--- START ---

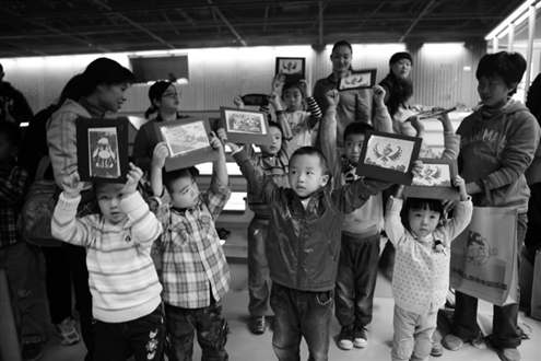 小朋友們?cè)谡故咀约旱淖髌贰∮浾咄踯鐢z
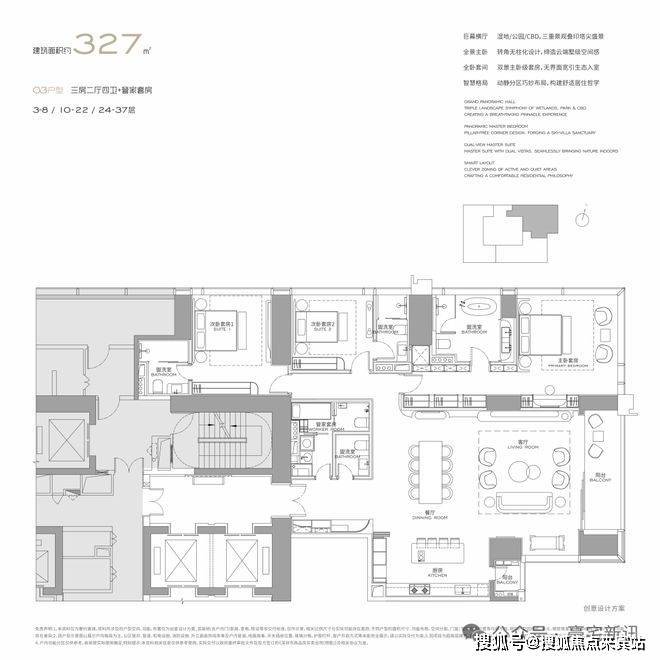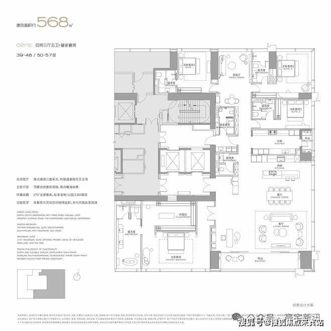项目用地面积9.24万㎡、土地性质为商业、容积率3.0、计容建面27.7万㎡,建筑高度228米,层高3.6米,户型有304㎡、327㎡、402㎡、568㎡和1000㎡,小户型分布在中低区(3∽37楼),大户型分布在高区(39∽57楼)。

--- END ---
--- START ---

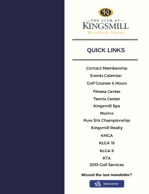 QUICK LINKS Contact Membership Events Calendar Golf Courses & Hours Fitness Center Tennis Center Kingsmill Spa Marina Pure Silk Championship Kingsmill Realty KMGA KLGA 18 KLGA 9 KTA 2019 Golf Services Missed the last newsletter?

--- END ---

What you have to do -
Range to print from the listing above: from the line with "小朋友們?cè)谡故咀约旱淖髌贰∮浾咄踯鐢z" up to and including the line with "项目用地面积9.24万㎡、土". Please print those lines exactly, with no pictures and nothing more.

Answer for the task -
 小朋友們?cè)谡故咀约旱淖髌贰∮浾咄踯鐢z
项目用地面积9.24万㎡、土地性质为商业、容积率3.0、计容建面27.7万㎡,建筑高度228米,层高3.6米,户型有304㎡、327㎡、402㎡、568㎡和1000㎡,小户型分布在中低区(3∽37楼),大户型分布在高区(39∽57楼)。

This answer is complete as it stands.